ABOUT THIS TASK: Transcribe every entry verbatim; omit pictures.
────
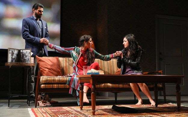 The attractive set of this show, nicely designed by Ao Li, is, basically, a living room, with a front door and a door that leads to the other rooms. The four actors that occupy the beginning of “Kiss” are all good and turn in effective performances. The show starts with Hadeel (Sohina Sidhu) welcoming James Cusati-Moyer, as Youssif, into her home for what seems to be a viewing party of the soap opera they are involved in. Two other characters factor into the plot, Ian Lassiter as Amid and Hend Ayoub as Bana. There are various interrelations between the four characters and numerous romantic couplings, to the point that the show almost gets confusing.
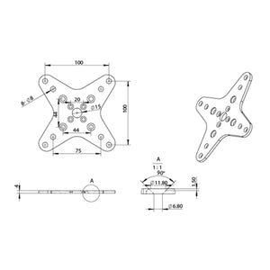 The SM-VM1 has two swivel connection hole patterns. 40x40mm for the SW-1 swivel and 20x20mm for the SM-UM1 swivel.
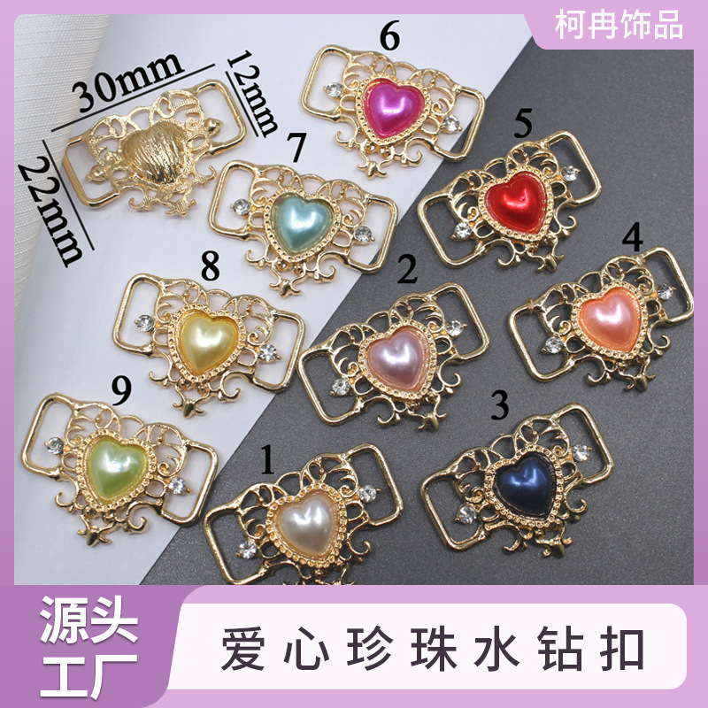 여러 가지 빛깔의 사랑 진주 모조 다이아몬드 버클 신발 버클 황금 비키니 수영복 장식 버클 브래지어 버클 DIY 수하물 액세서리
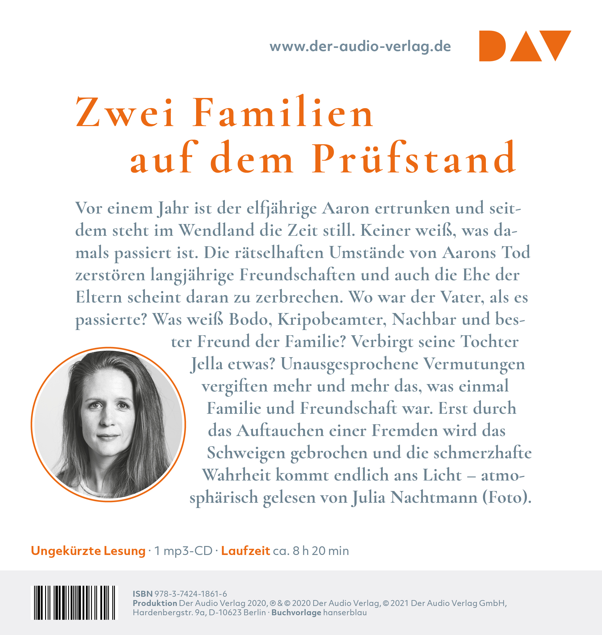 Julia Nachtmann, 1981 geboren, wurde mit dem Boy-Gobert-Preis ausgezeichnet und war in Kinoproduktionen wie »Die Kirche bleibt im Dorf« und Fernsehserien wie »Der Dicke« zu sehen. Sie ist u.a. Sprecherin der Krimi-Bestseller von Nele Neuhaus und liest für DAV alle Hörbücher von Ruth Ware ein.
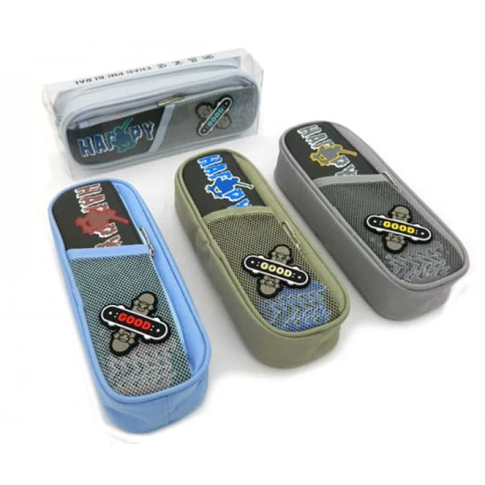 Пенал DA-212/CY-155 "Скейтер" овальный, текстиль, с наружным карманом на молнии, цвета ассорти, в упаковке ПВХ (1/12/288) 326422
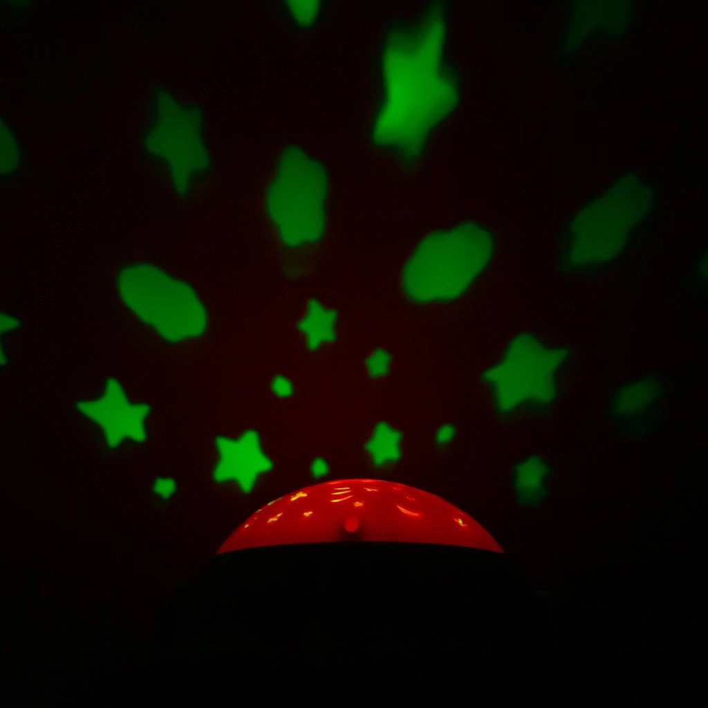 A vetítő változó csillagokat jelenít meg, és éjjeli lámpaként is szolgál – ideális a baba nyugodt elalvásához.
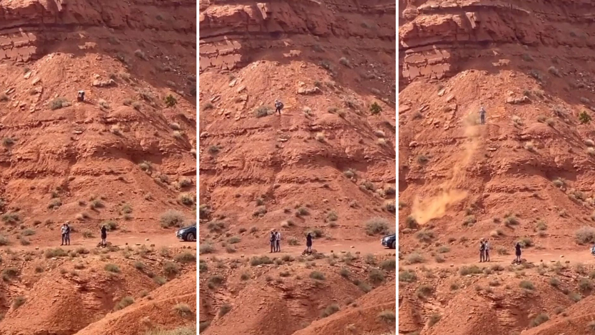 The Instagram account Tourons of National Parks (@touronsofnationalparks) posted the clip with a quote from the person who took the video: "As I was driving by, I saw this guy climbing the rock formation and throw rocks in the direction of his group."
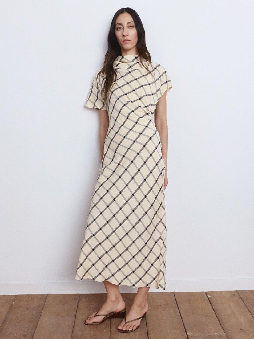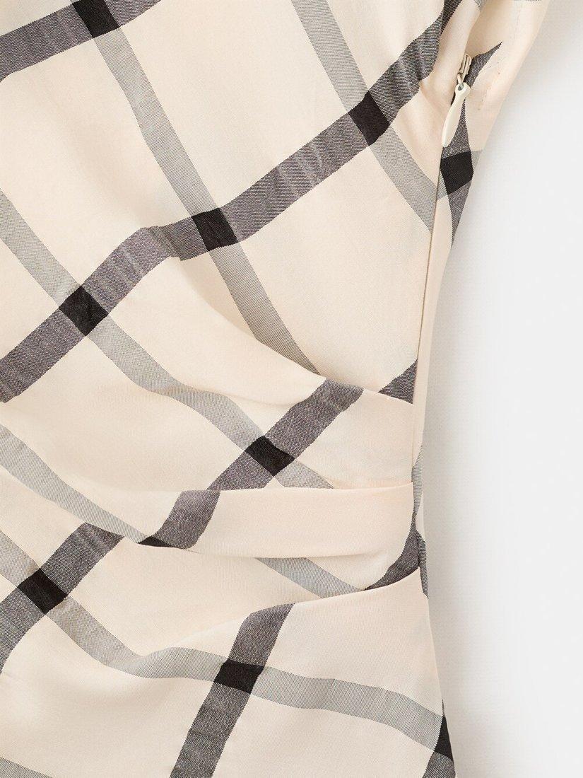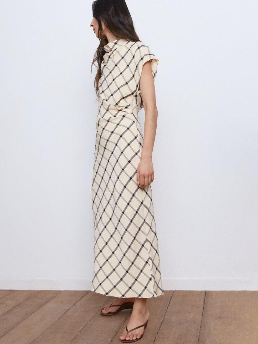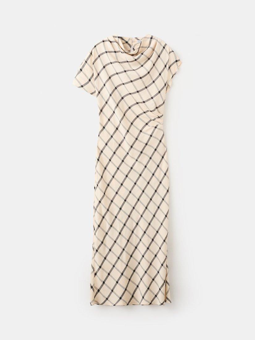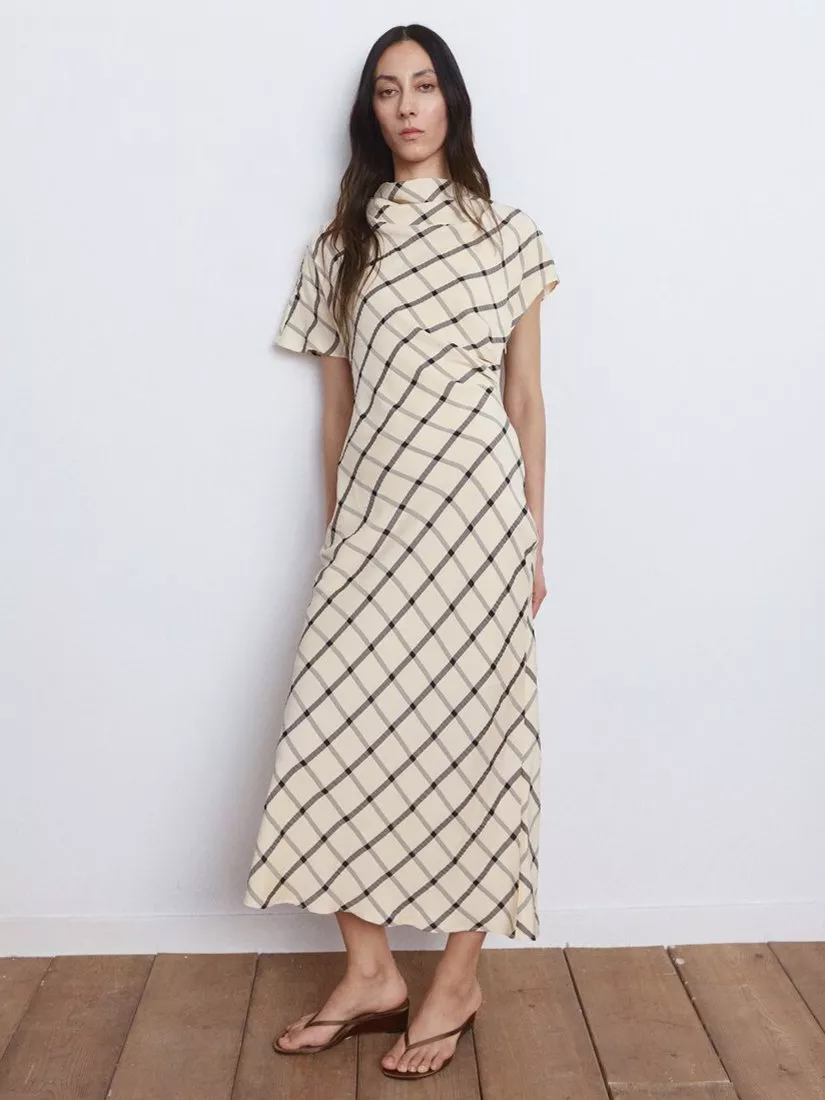 A midi dress in a draped A line cut, designed with a check pattern and a softly structured cowl neck. Short sleeves and a viscose blend bring lightness, making it a sharp choice for day occasions.
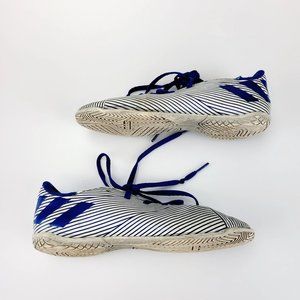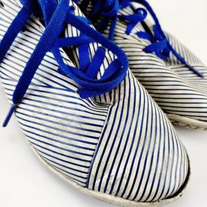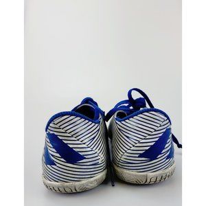 CHUTEIRA NEMEZIZ 19.4 FUTSAL Blue White Shoes 2.5 Youth Sports Soccer EF1754 - Lace up closure, blue and white with striped pattern, rounded toe, Low cut - For playing on indoor pitches - Synthetic upper - Non-Marking Rubber Sole -
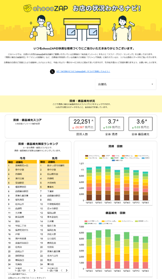 このたび、全店舗のマシン故障・対応状況や清掃頻度を一覧できる「chocoZAP お店の状況わかるナビ!」をリリースしました!
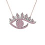 Pembe kuvars 18 ayar beyaz altın kolye (40 cm rose altın rolo zincir)
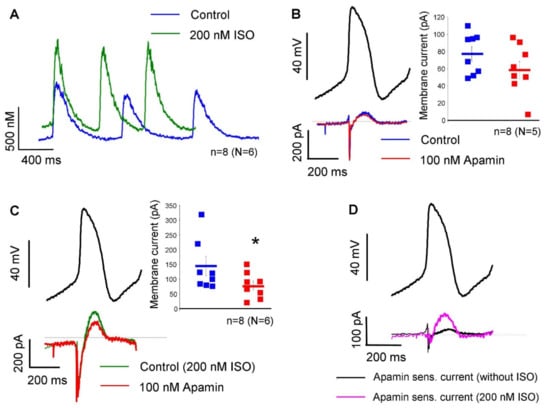 Measurement of apamin-sensitive current under a representative SAN action potential waveform in the absence and in the presence of 200 nM isoproterenol (ISO). (A) demonstrates the effect of 200 nM isoproterenol on Ca2+ transients. When isoproterenol was omitted, 100 nM apamin (red curve) did not alter the peak of the total current (blue curve, panel (B)). In the presence of 200 nM isoproterenol, 100 nM apamin (red curve) decreased the peak current (green curve, panel (C)). Representative original traces were determined after subtraction of currents. When 200 nM isoproterenol was employed, the apamin-sensitive current (purple curve) was larger than under normal conditions (black curve, panel (D)). Paired and unpaired t-tests (p < 0.05).
────
REPLY:
 The attractive set of this show, nicely designed by Ao Li, is, basically, a living room, with a front door and a door that leads to the other rooms. The four actors that occupy the beginning of “Kiss” are all good and turn in effective performances. The show starts with Hadeel (Sohina Sidhu) welcoming James Cusati-Moyer, as Youssif, into her home for what seems to be a viewing party of the soap opera they are involved in. Two other characters factor into the plot, Ian Lassiter as Amid and Hend Ayoub as Bana. There are various interrelations between the four characters and numerous romantic couplings, to the point that the show almost gets confusing.
 The SM-VM1 has two swivel connection hole patterns. 40x40mm for the SW-1 swivel and 20x20mm for the SM-UM1 swivel.
 여러 가지 빛깔의 사랑 진주 모조 다이아몬드 버클 신발 버클 황금 비키니 수영복 장식 버클 브래지어 버클 DIY 수하물 액세서리
 Julia Nachtmann, 1981 geboren, wurde mit dem Boy-Gobert-Preis ausgezeichnet und war in Kinoproduktionen wie »Die Kirche bleibt im Dorf« und Fernsehserien wie »Der Dicke« zu sehen. Sie ist u.a. Sprecherin der Krimi-Bestseller von Nele Neuhaus und liest für DAV alle Hörbücher von Ruth Ware ein.
 Пенал DA-212/CY-155 "Скейтер" овальный, текстиль, с наружным карманом на молнии, цвета ассорти, в упаковке ПВХ (1/12/288) 326422
 A vetítő változó csillagokat jelenít meg, és éjjeli lámpaként is szolgál – ideális a baba nyugodt elalvásához.
 The Instagram account Tourons of National Parks (@touronsofnationalparks) posted the clip with a quote from the person who took the video: "As I was driving by, I saw this guy climbing the rock formation and throw rocks in the direction of his group."
 A midi dress in a draped A line cut, designed with a check pattern and a softly structured cowl neck. Short sleeves and a viscose blend bring lightness, making it a sharp choice for day occasions.
 CHUTEIRA NEMEZIZ 19.4 FUTSAL Blue White Shoes 2.5 Youth Sports Soccer EF1754 - Lace up closure, blue and white with striped pattern, rounded toe, Low cut - For playing on indoor pitches - Synthetic upper - Non-Marking Rubber Sole -
 このたび、全店舗のマシン故障・対応状況や清掃頻度を一覧できる「chocoZAP お店の状況わかるナビ!」をリリースしました!
 Pembe kuvars 18 ayar beyaz altın kolye (40 cm rose altın rolo zincir)
 Measurement of apamin-sensitive current under a representative SAN action potential waveform in the absence and in the presence of 200 nM isoproterenol (ISO). (A) demonstrates the effect of 200 nM isoproterenol on Ca2+ transients. When isoproterenol was omitted, 100 nM apamin (red curve) did not alter the peak of the total current (blue curve, panel (B)). In the presence of 200 nM isoproterenol, 100 nM apamin (red curve) decreased the peak current (green curve, panel (C)). Representative original traces were determined after subtraction of currents. When 200 nM isoproterenol was employed, the apamin-sensitive current (purple curve) was larger than under normal conditions (black curve, panel (D)). Paired and unpaired t-tests (p < 0.05).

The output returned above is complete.